12-year-old girl helping bring awareness to Black Dog Syndrome

Life With Dogs is reader-supported. We may earn a small commission through products purchased using links on this page.

Black Dog Syndrome has become an issue for many shelters and rescues across the nation. They are finding that darker colored dogs are less likely to be adopted compared to lighter colored dogs. One 12-year-old girl in Kansas is trying to help black dogs get a fair chance at being adopted.

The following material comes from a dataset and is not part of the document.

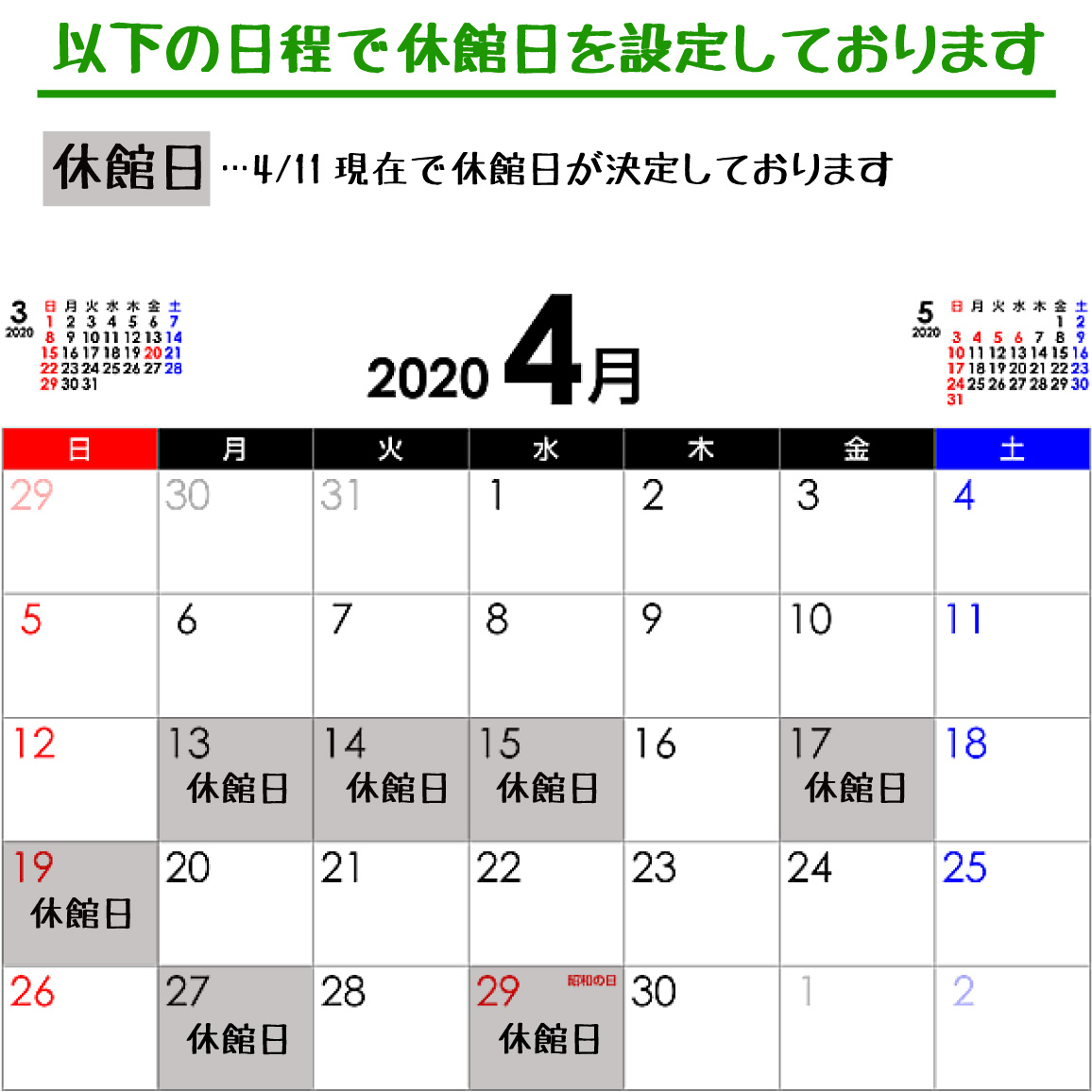 新型コロナウイルスの影響を受け、4月に「休館日」を
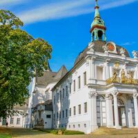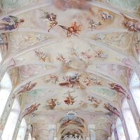 Dort schauen wir uns die Kreuzbergkapelle (1746 -1751) an und erfahren etwas über Balthasar Neumann, einem bekannten Architekten des Barocks und des Rokokos.

According to the ASPCA any animal that is more than 65% black in color is affected by Black Dog Syndrome, in which people overlook them often for unfair reasons. “You can take two animals from the same litter, one a lighter color and one a darker color and the lighter one will get adopted faster, people will be more attracted to it and it’s really a terrible thing because these are all great animals that just need homes,” said Kansas Humane Society Director of Communications Jennifer Campbell.

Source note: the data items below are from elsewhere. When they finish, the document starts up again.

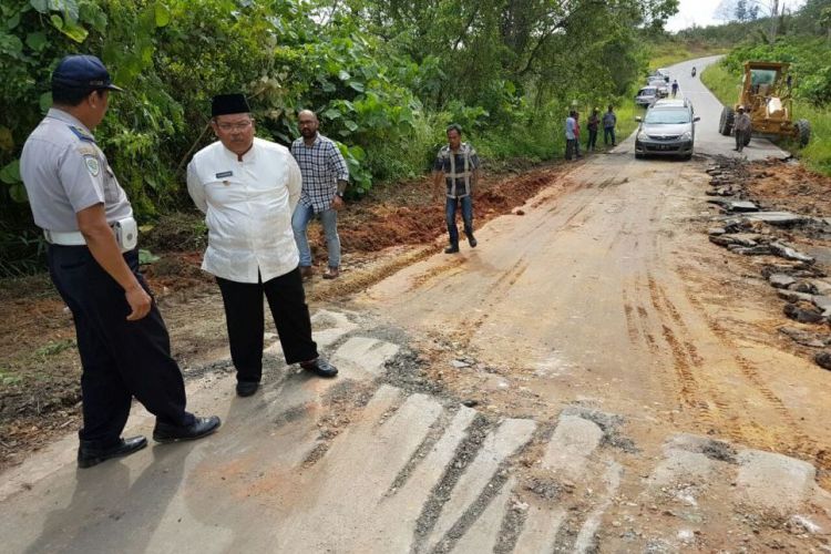 Bupati Ismunandar langsung meninjau ke lokasi, begitu mendengar adanya jalan poros trans Kaltim yang longsor di km 12 Desa Sepaso Selatan, kecamatan Bengalon dan kini sudah kembali normal setelah diperbaiki. ©2017 Merdeka.com
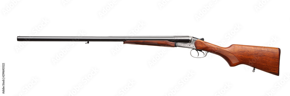 Hunting double-barrelled gun on a white background. Double Shotgun isolated on white back.
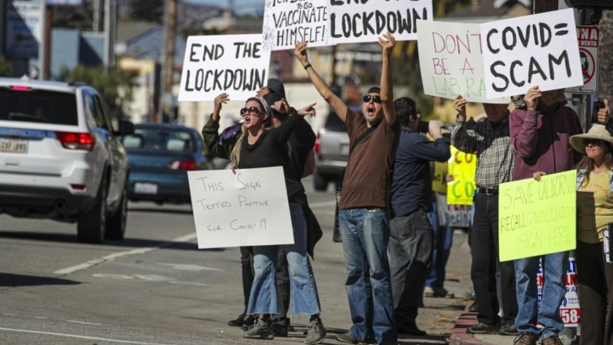 Bu kişilerden bazıları insanlara aşı olmamaları için baskı yaparken, bazıları da koronavirüs aşılarına karşı pankartlar taşıdı.
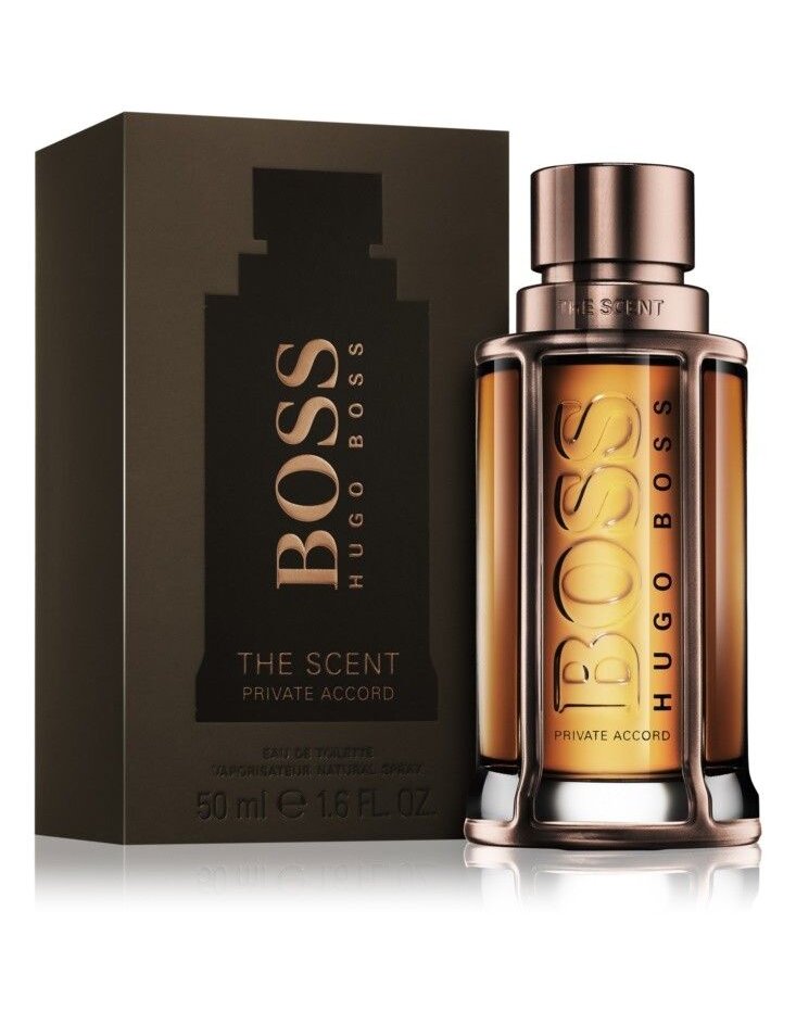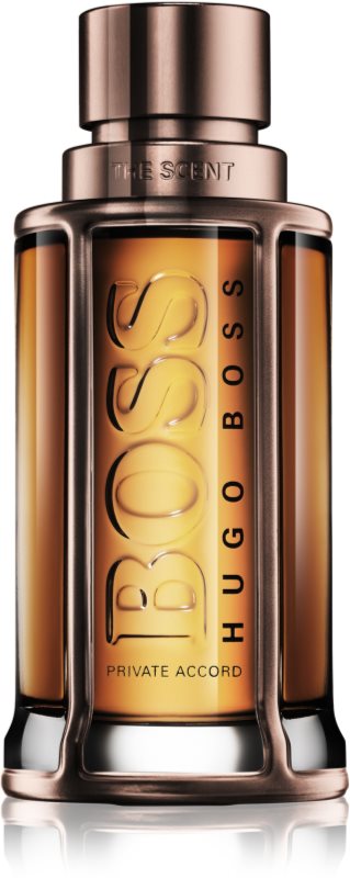 Compoziția debutează cu o notă de ghimbir, caldă și proaspătă. Originala inimă a parfumului pulsează în acorduri de maninka și de cafea. Baza, cu tonuri lemnoase și boabe de cacao prăjite formează impresia finală, senzual îmbătătoare, a parfumului Boss The Scent Private Accord.
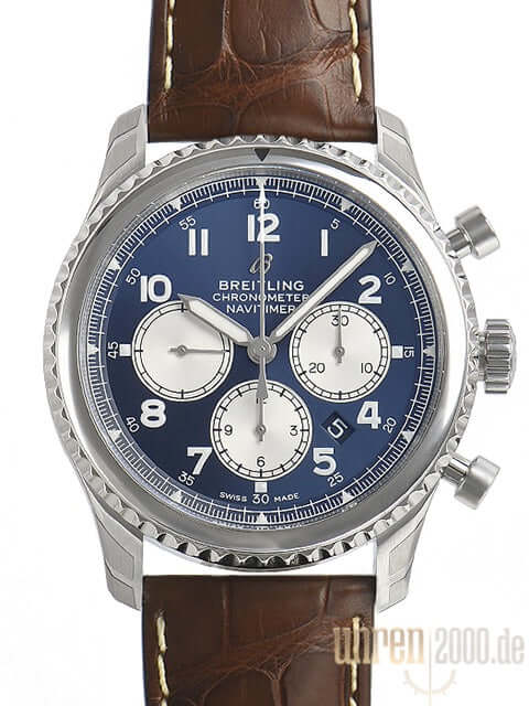 Case made of polished and satin-finished stainless steel, case diameter 43 mm, case height 13.97 mm, stainless steel bezel with wheels, brown crocodile leather with pin buckle, blue dial with applied Arabic numerals, silver-colored totalizers, luminous hands, automatic movement, manufacture caliber Breitling 01 with 47 jewels, 28,800 A/ h, power reserve approx. 70 hours, date display, chronometer, cambered sapphire crystal with anti-reflective coating on both sides, screwed stainless steel back, engraved with viewing window, water resistant up to 10 bar.
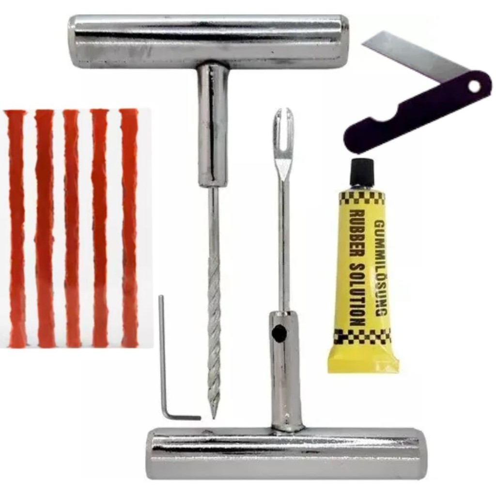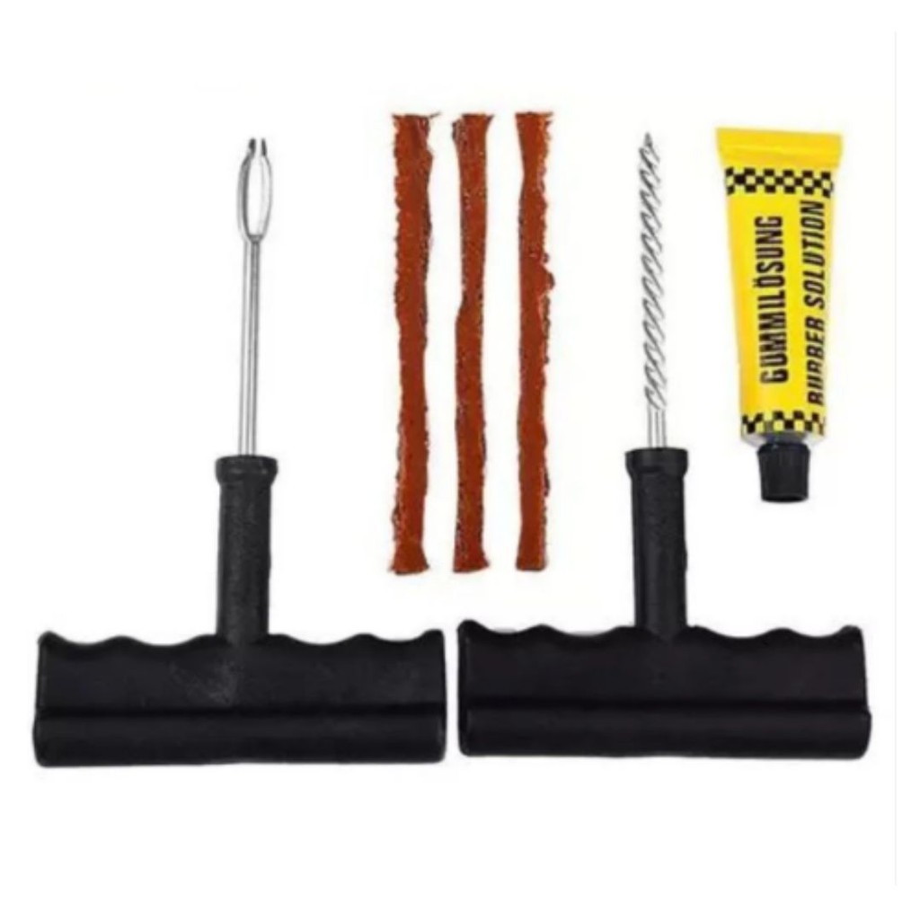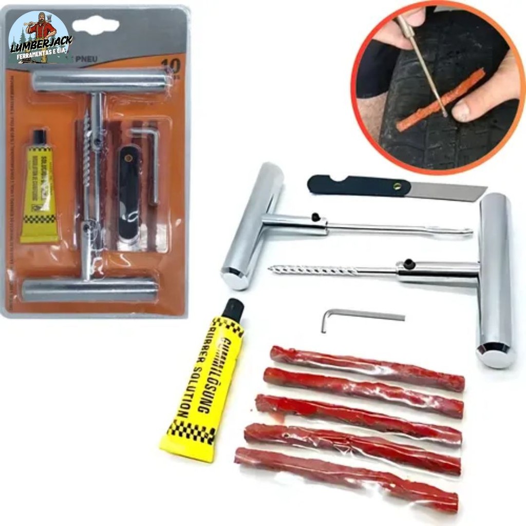 Reparo Pneu sem Camara para Carro e Moto Profissional de 10 Peças Refil Selante Macarrão Remendo + Bomba de Ar para Pneu

There is no factual explanation as to why black dogs are overlooked, but there are many theories. Some people falsely think black dogs are more aggressive. Black dogs also don’t usually photograph as well, which puts them at a disadvantage with more and more people using the internet to look for potential pets. Whatever the reasons are the end result is that black dogs are harder to find homes for and they are often the first to be euthanized.

Madison Bell is a girl scout who volunteers at the Kansas Humane Society and feels strongly about helping bring awareness to Black Dog Syndrome. “It’s nothing to do with the dog,” said Bell. “People don’t want to put enough time and effort into seeing what this dog can really do.” The Kansas Humane Society has been trying to increase black dog’s appeal with little things like putting bright bandannas on them to help catch potential adopter’s eyes. “They’ve got the same personality as a white animal…they’re great dogs because they are dogs and that’s what I love about them,” said Bell.

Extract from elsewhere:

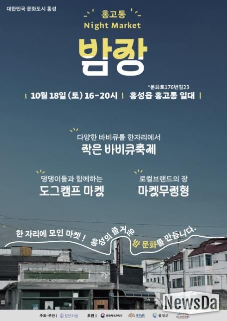뉴스다 최광묵 기자 | 홍성군은 오는 18일, 16시부터 20시까지 홍성읍 원도심인 ‘홍고통(홍주 로컬콘텐츠타운)’에서 제3회 [골목이 살아나는 홍고통 Night Market 밤장]이 개최될 예정이다.
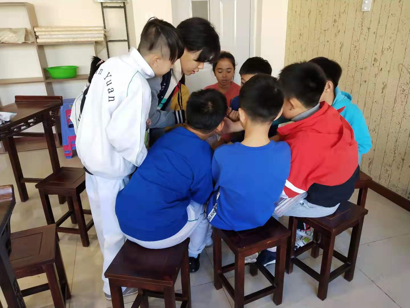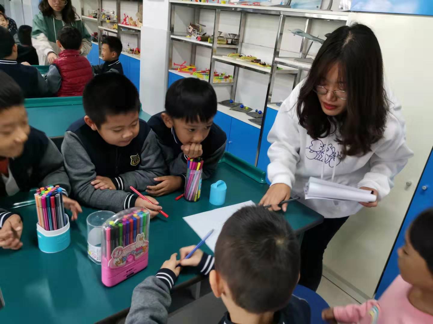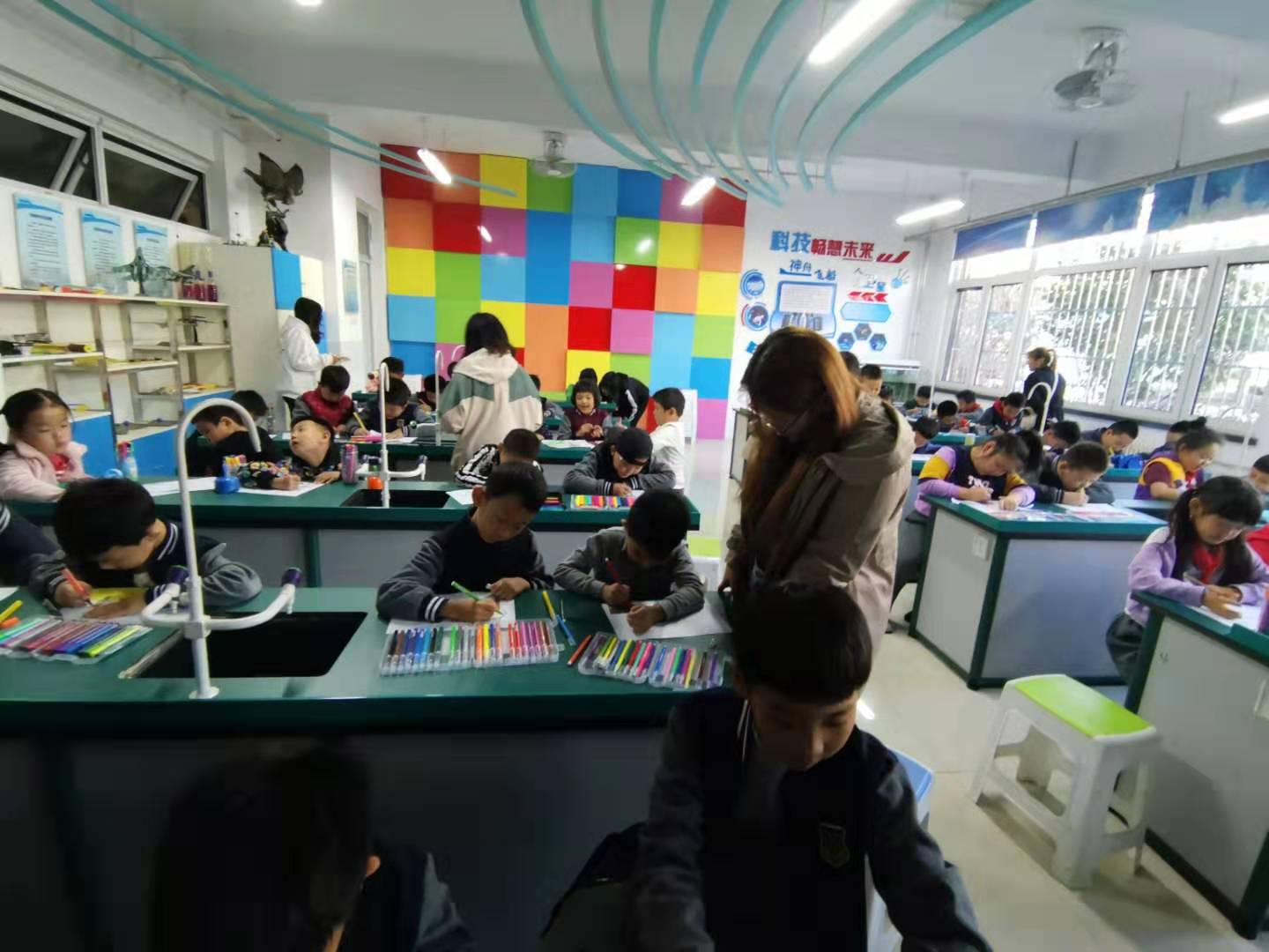 2019年10月14日下午两点,tyc122cc太阳成集团老员工心理咨询中心的10名志愿者到达唐城壹零壹实验公司。在与公司心理咨询老师商定好具体事宜后,志愿者们开始带领唐城壹零壹实验公司的一年级至五年级的近百名员工进行团体心理绘画活动。

Bell started the Black Dog Club at the Kansas Humane Society to try to raise awareness and encourage people to take a fair look at black dogs when they go to a shelter. A $25 donation to the Kansas Humane Society is all it takes to become a member. She was able to raise $1,3000 at the Kansas Humane Society’s Woofstock event this year. All the money goes to helping the dogs at the Kansas Humane Society. Bell plans to continue raising awareness about this issue with the Kansas Humane Society. Appropriately on Black Friday they will be having an event where all black animals are free for adoption from 11 a.m. to 8 p.m. at the Kansas Humane Society.

21 thoughts on “12-year-old girl helping bring awareness to Black Dog Syndrome”

  1. 2 of my 3 are black dogs and as far as temperament goes, they are all easy going, friendly, and sweet. The only thing that I think the animal shelter should do is change the bandana color from red to another bright color, say yellow. Everyone I know equates a dog with a red bandana with a dog that they have to be careful around. In my area it’s known as an ‘alert color’ for reactive dogs.

    Reply
    • In WA state yellow is used to indicate reactive/dogs in training. So I guess it’s different everywhere.

      Reply
  2. I have 2 solid black GSD, and 2 very dark black and tans ones. I LOVE my darkies! I also have several barn cats, and my favorites are my 2 ‘tuxedo’ cats. Oh, and my favorite stud horse I had, well bet yoy can’t guess what color he was….. yes you got it….BLACK!

    Oh, and the dog I have that would most likely bite you….. my mostly white Rat Terrier!

    It is a shm that a dog would be discriminated against for color.

    Reply
  3. I’ve developed an affinity for medium-sized (or any sized!) black dogs, with perhaps a bit of white here and there… Because the love of my life, Happy, was a black and white fluffy lab mix rescued dog…And I just want to have him back with me even if it’s just a new rescued doggie who resembles him 🙁 And I have been blessed to have a new black and white dog who has won my heart with her tenderness and calm soul… 🙂

    Reply
  4. I wouldn’t give my black brindle dachshund up for anything. He is the smartest dog I have ever had and I wish I could clone him. People really need to stop being so irrational on color period.

    Reply
  5. Charlie was the best dog ever – 25 lbs of all the love and kisses you could ever want. He was a miniature pinscher/beagle mix with a beautiful black shiny coat with brown markings. We adopted him 12 years ago from the county shelter and everyone who knew him was his friend:-)

    Reply
  6. I have a gorgeous cocker spaniel who happens to be mostly black with a few white spots. He’s such a cutie, with so much personality. I would not change my silly boy for the world.